# I need a source for plastic or steel salt shaker inserts and lids



## Mike55 (Jan 15, 2012)

I need a source for plastic or steel salt shaker inserts/liners and lids. I have tried googling it and didn't do well. Any source, resource or advice is welcome.


----------



## oldnovice (Mar 7, 2009)

How about

I don't know of any others!


----------



## Mike55 (Jan 15, 2012)

Lee Valley and a few, and I do mean few, others have the same ones. I was hoping for a flat top and some different sizes. I guess the old adage of wish in one hand and s%&t in the other and see which one fills up first is going to be the order of the day. lol. Thanks for the post and I guess I'll have to find a mfr. that can handle this.


----------



## oldnovice (Mar 7, 2009)

There are some online crafts stores that may have some! I found all kinds of stuff there.
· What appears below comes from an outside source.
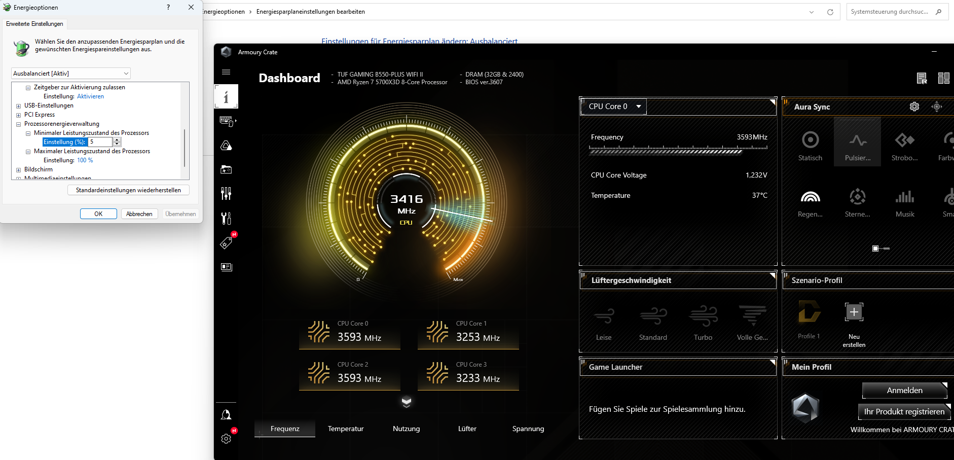 Die Energiesparoptionen sind auf "Ausbalanciert" und der minimale Leistungszustand des Prozessors ist auf 5 %. Wenn ich den Maximalen runter drossel, drosselt natürlich auch der Takt, aber sobald 100 % eingestellt sind, läuft er wieder volle Pulle.
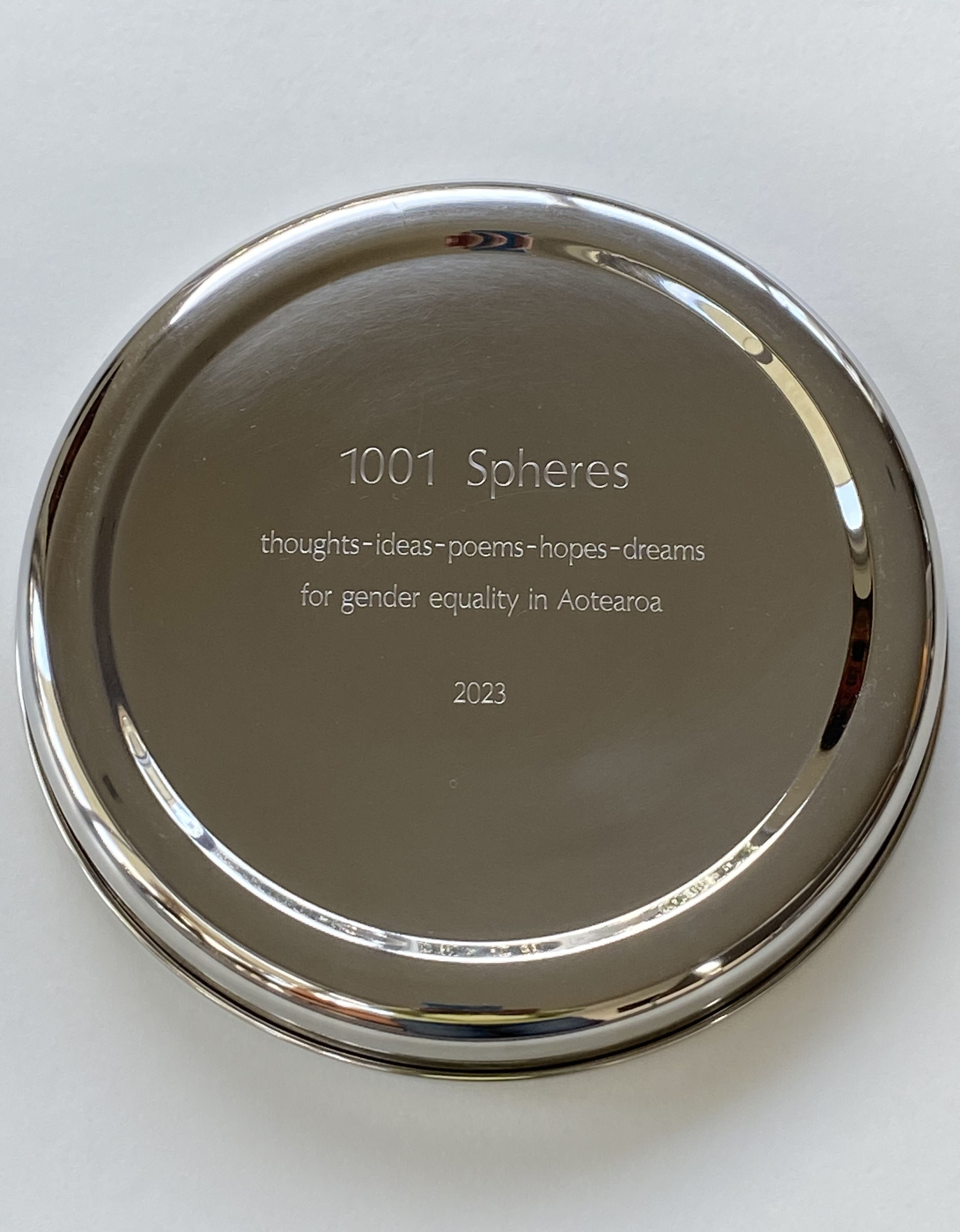 The location for the sculpture was specifically chosen because it offers a natural gathering space. Surrounding 1001 Spheres is a large grassed area encircled by mature trees, providing a peaceful and inspiring environment. Then, to initiate the participatory aspect of the project, individuals and organisations active in the gender equity space were invited to collaborate by contributing a statement, hope or vision for the future of gender equality.

Or, buy a set you like, take thewhat you want and toss the rest!


----------



## Mike55 (Jan 15, 2012)

I have checked a few craft stores but I need more than one set. Hopefully around a thousand to start. A restaurant chain needs them and buying salt and pepper shakers gets to costly for mass production. I have even looked into the old film canisters, plastic and metal, but no go. Thanks for the post and I'll keep looking.


----------